● WHAT THIS TASK INVOLVES:
Skip the pictures and restate, word for word, the lines from the one containing "這是8月4日無人機拍攝的安徽黟縣宏村風景區(qū)月沼晨景。新華社記者張端攝" to the end of the data below.

● RECORDED INFORMATION:
◇ ◇ ◇ ◇ ◇
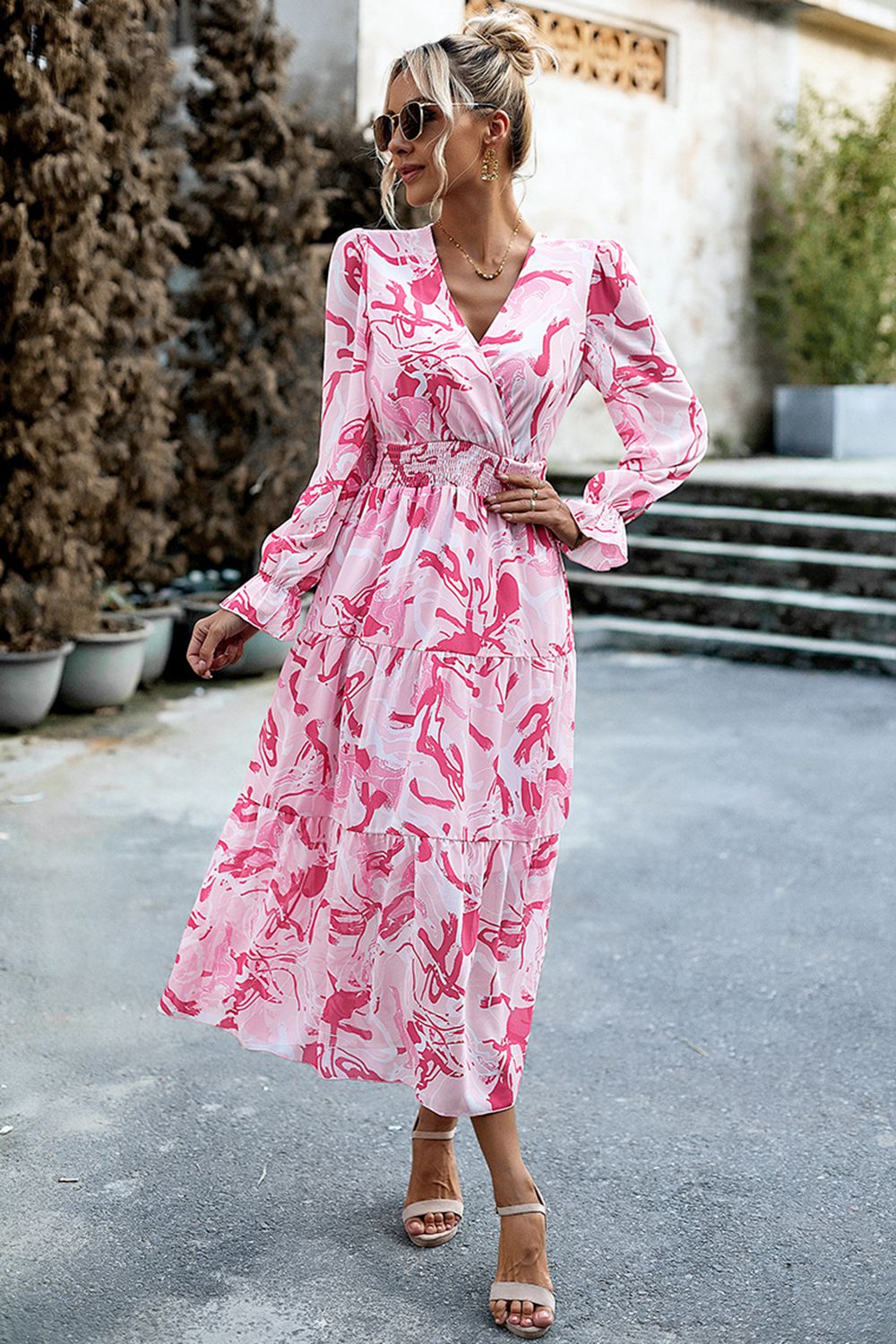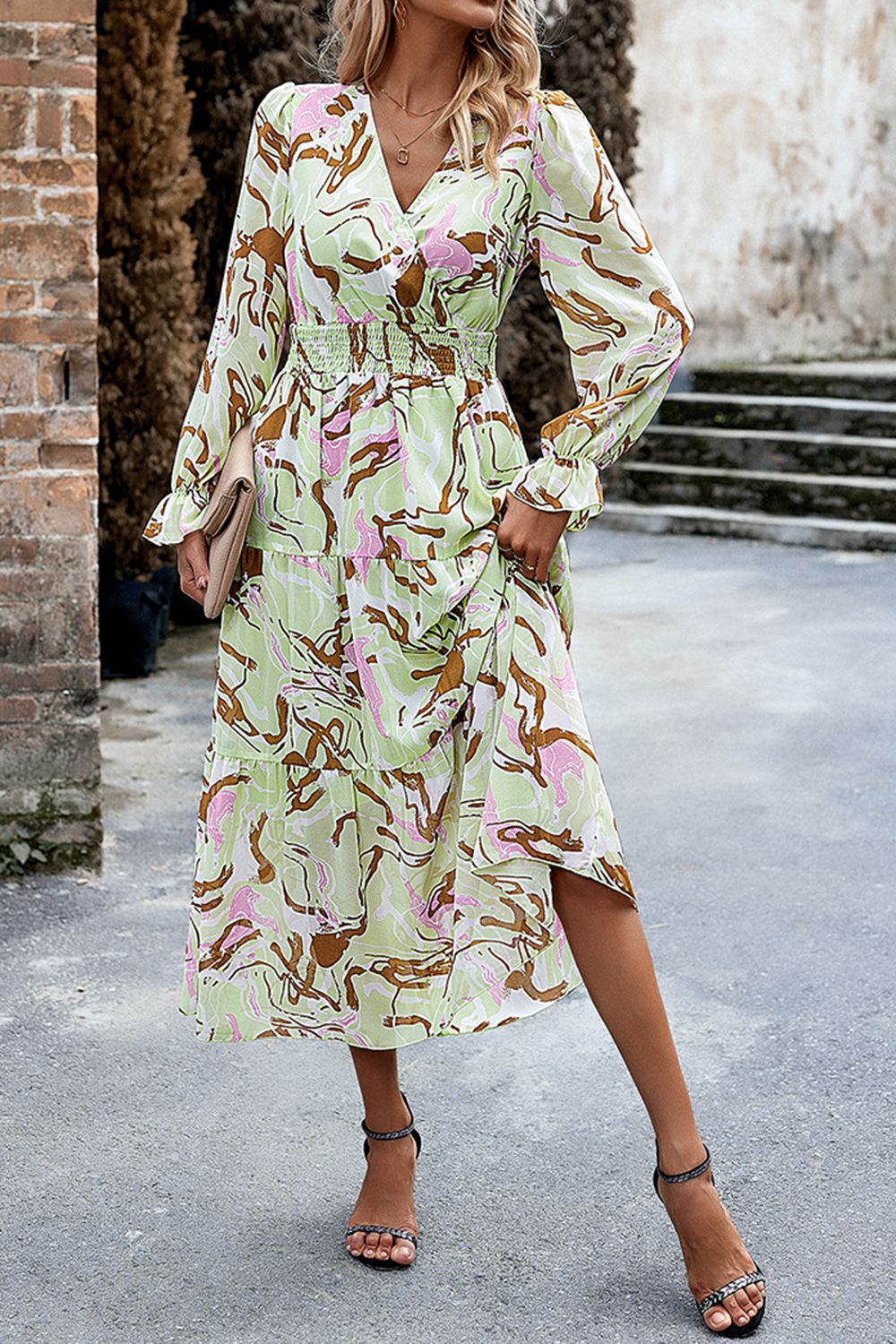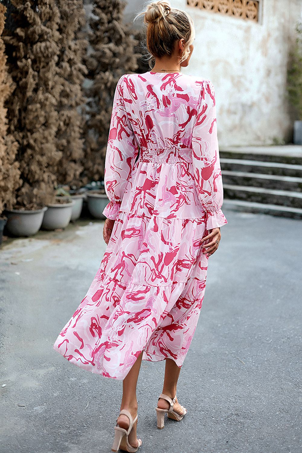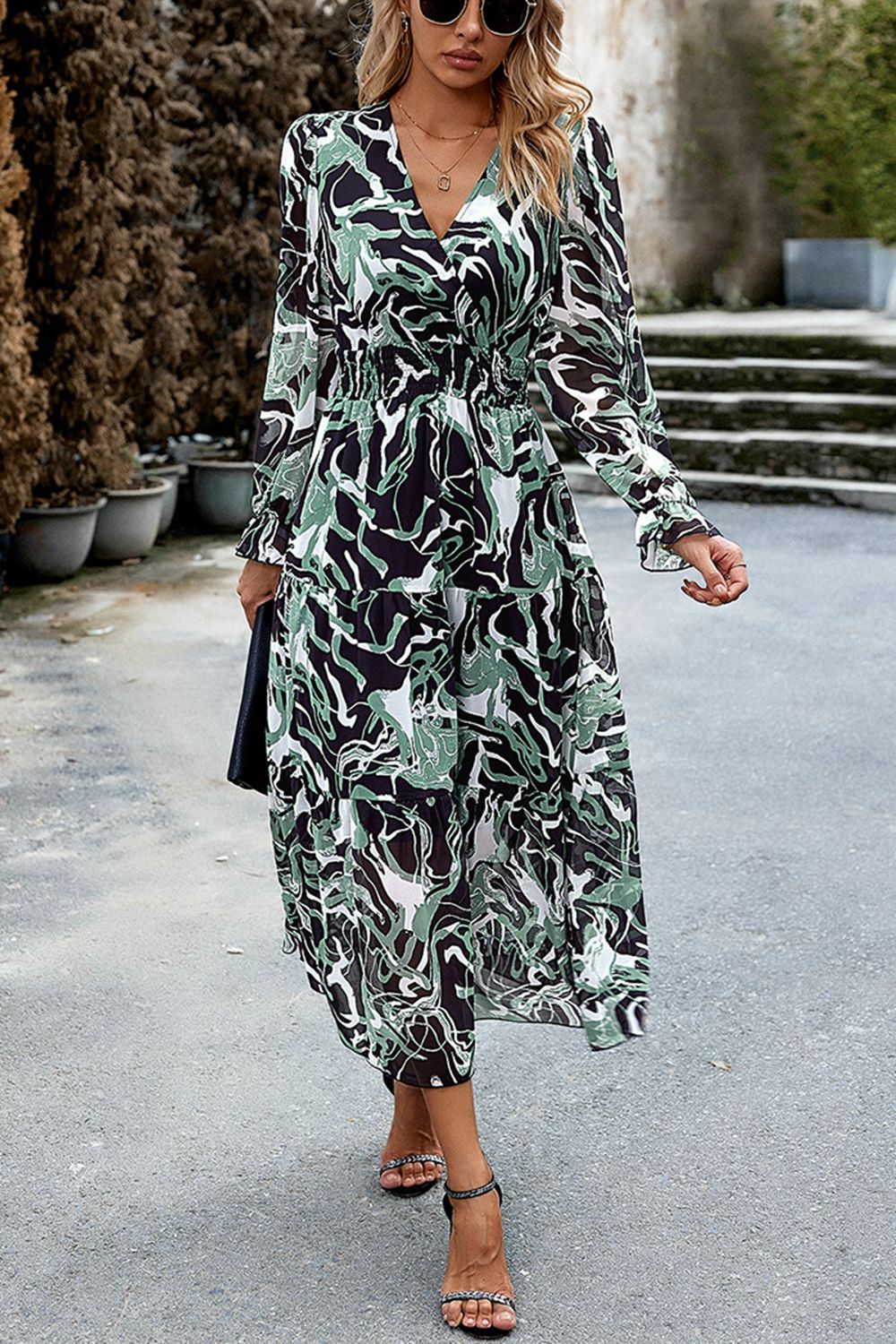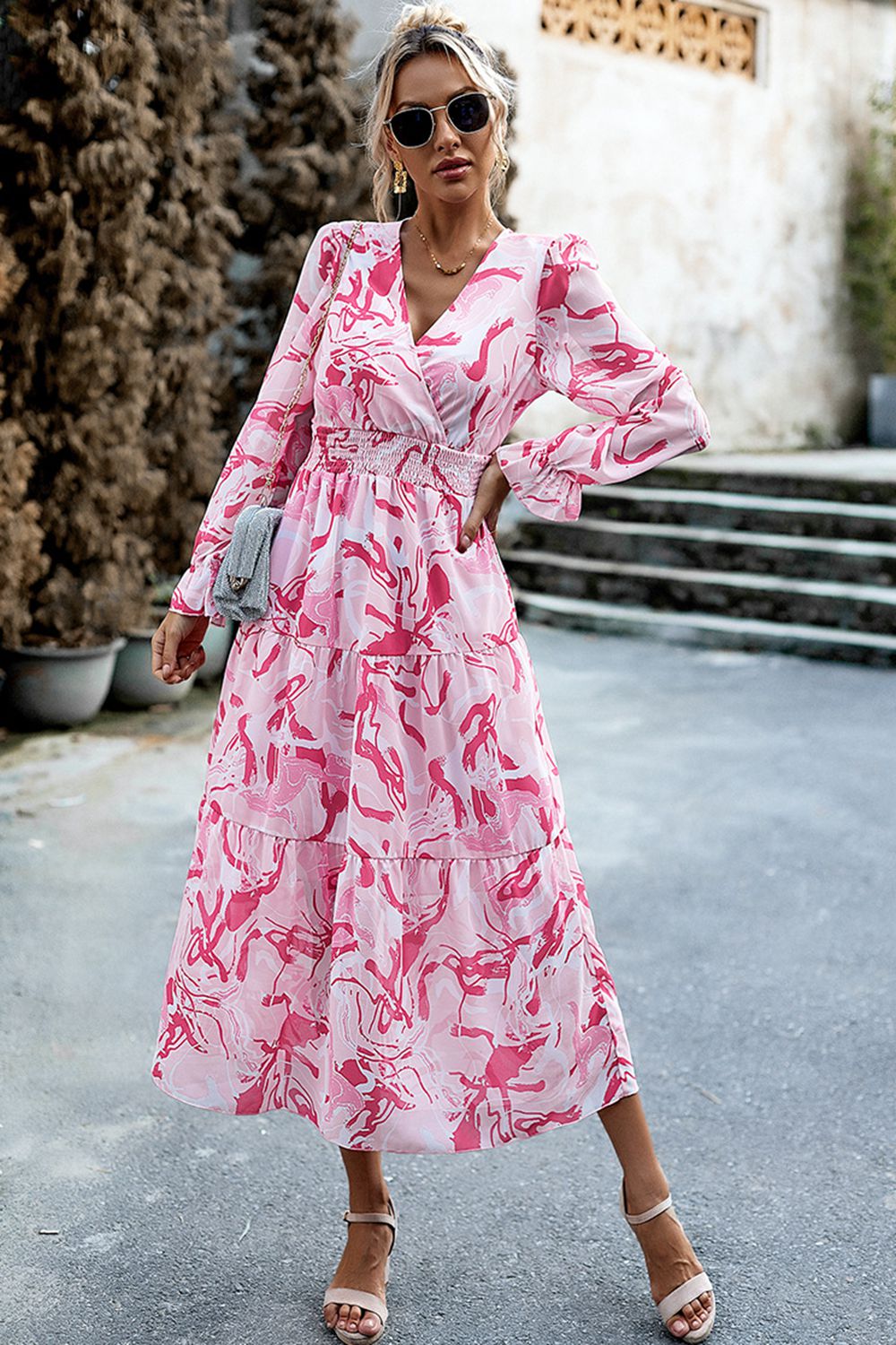 Printed Surplice Neck Flounce Sleeve Midi Dress
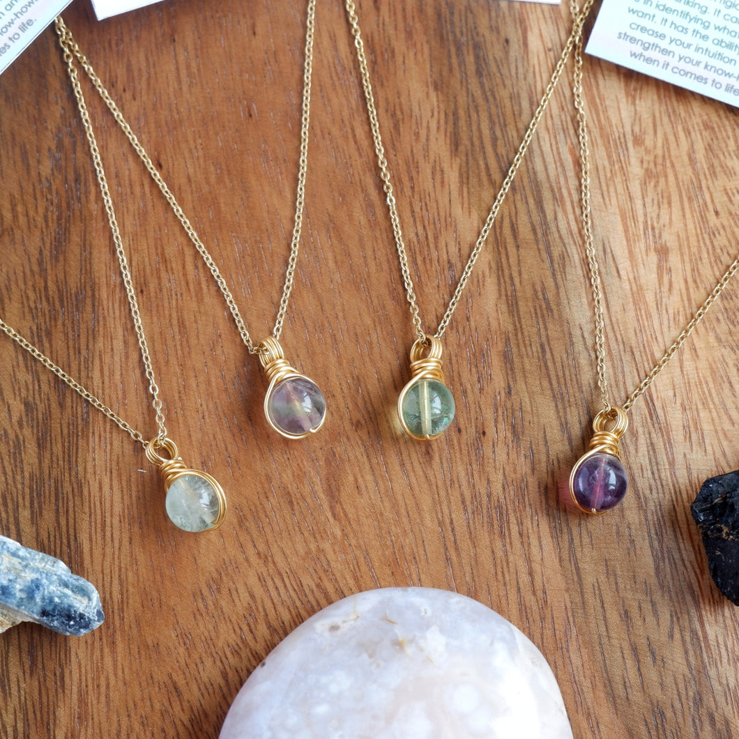 Simple, cute and dainty pendant. Perfect for a classy and effortless look! Hand-wrapped using silver or gold aluminum, the Dew Necklaces are an affordable but fashionable gift choice. From Amethyst to Unakite, you have a LOT of crystal options to choose from.
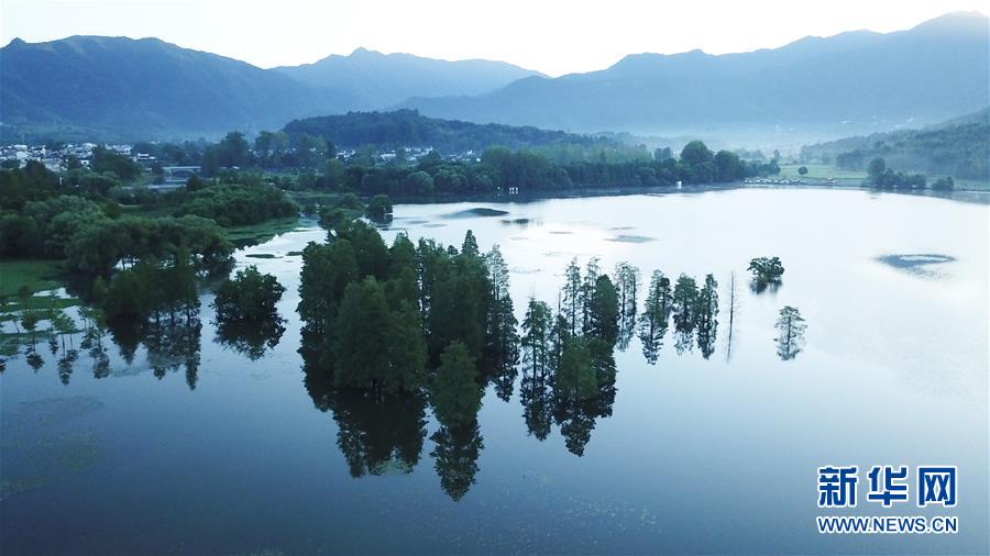 這是8月4日無人機拍攝的安徽黟縣宏村風景區(qū)月沼晨景。新華社記者張端攝
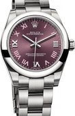 Сатинированный циферблат часов Rolex Oyster Perpetual Oyster Perpetual 31mm Steel 177200-0018 отображает данные текущего времени - часов, минут, секунд. Метки выполнены из стали и золота, а стрелки - из стали. Стекло на лицеовй стороне часов изготовлено из натурального сапфирового кристалла с нанесением на него противобликовых свойств. Швейцарская мануфактура Rolex по производству наручных часов люкс-класса еще с 1905 года выпускает механические модели с механизмами, обладающими высокой хронометрической точностью, что подтверждено наличием у часов сертификата хронометра от швейцарского института хронометрии СOSC. 26-миллиметровый корпус данной модели швейцарских часов наделен возможностью противостоять воде до 100 метров глубины. Запас хода механизма на уровне 2 суток.
◇ ◇ ◇ ◇ ◇
● RESULT FOR THIS TASK:
 這是8月4日無人機拍攝的安徽黟縣宏村風景區(qū)月沼晨景。新華社記者張端攝
 Сатинированный циферблат часов Rolex Oyster Perpetual Oyster Perpetual 31mm Steel 177200-0018 отображает данные текущего времени - часов, минут, секунд. Метки выполнены из стали и золота, а стрелки - из стали. Стекло на лицеовй стороне часов изготовлено из натурального сапфирового кристалла с нанесением на него противобликовых свойств. Швейцарская мануфактура Rolex по производству наручных часов люкс-класса еще с 1905 года выпускает механические модели с механизмами, обладающими высокой хронометрической точностью, что подтверждено наличием у часов сертификата хронометра от швейцарского института хронометрии СOSC. 26-миллиметровый корпус данной модели швейцарских часов наделен возможностью противостоять воде до 100 метров глубины. Запас хода механизма на уровне 2 суток.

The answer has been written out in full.